#### WORK INSTRUCTION
From the entries that follow, reproduce exactly and only the lines from the line with "正值学生用餐时间,学生志愿者" to the line with "4、填写手机号码及验证码,选择开始注册,简单明了。", endpoints included.

#### WORKING DATA
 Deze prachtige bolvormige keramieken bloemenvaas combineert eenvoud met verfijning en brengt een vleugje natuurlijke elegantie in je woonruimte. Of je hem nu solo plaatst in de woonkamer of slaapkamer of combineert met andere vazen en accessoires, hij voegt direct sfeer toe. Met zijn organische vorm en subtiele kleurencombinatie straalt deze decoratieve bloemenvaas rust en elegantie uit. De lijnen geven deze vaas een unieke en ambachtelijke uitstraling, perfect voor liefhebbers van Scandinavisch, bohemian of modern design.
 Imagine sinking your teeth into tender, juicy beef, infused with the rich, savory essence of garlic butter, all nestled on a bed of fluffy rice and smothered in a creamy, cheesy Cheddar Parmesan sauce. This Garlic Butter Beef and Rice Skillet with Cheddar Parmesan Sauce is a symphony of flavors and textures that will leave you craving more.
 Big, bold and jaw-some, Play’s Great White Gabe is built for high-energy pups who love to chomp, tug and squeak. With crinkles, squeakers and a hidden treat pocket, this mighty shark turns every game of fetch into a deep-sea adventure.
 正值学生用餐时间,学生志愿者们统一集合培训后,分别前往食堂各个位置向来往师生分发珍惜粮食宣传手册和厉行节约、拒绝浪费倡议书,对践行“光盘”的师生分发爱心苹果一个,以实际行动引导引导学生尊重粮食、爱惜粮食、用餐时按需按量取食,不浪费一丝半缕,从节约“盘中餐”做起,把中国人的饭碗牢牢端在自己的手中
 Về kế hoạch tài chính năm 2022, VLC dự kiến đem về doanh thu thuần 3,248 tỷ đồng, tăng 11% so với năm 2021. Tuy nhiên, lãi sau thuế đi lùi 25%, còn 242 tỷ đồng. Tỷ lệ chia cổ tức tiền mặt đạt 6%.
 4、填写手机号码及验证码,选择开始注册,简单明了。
==
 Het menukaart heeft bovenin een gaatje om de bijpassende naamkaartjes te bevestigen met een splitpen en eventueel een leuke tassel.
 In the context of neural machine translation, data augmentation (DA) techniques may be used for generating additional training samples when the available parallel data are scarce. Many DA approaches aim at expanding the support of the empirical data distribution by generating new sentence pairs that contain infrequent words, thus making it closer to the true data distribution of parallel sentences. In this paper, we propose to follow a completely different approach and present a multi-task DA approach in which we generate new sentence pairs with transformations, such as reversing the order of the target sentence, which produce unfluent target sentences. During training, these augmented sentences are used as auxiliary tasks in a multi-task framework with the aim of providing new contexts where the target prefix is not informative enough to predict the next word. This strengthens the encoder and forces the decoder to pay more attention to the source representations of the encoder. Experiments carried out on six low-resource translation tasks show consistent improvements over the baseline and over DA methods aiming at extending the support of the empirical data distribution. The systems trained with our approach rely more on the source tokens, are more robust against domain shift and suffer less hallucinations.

#### ANSWER SPACE
 正值学生用餐时间,学生志愿者们统一集合培训后,分别前往食堂各个位置向来往师生分发珍惜粮食宣传手册和厉行节约、拒绝浪费倡议书,对践行“光盘”的师生分发爱心苹果一个,以实际行动引导引导学生尊重粮食、爱惜粮食、用餐时按需按量取食,不浪费一丝半缕,从节约“盘中餐”做起,把中国人的饭碗牢牢端在自己的手中
 Về kế hoạch tài chính năm 2022, VLC dự kiến đem về doanh thu thuần 3,248 tỷ đồng, tăng 11% so với năm 2021. Tuy nhiên, lãi sau thuế đi lùi 25%, còn 242 tỷ đồng. Tỷ lệ chia cổ tức tiền mặt đạt 6%.
 4、填写手机号码及验证码,选择开始注册,简单明了。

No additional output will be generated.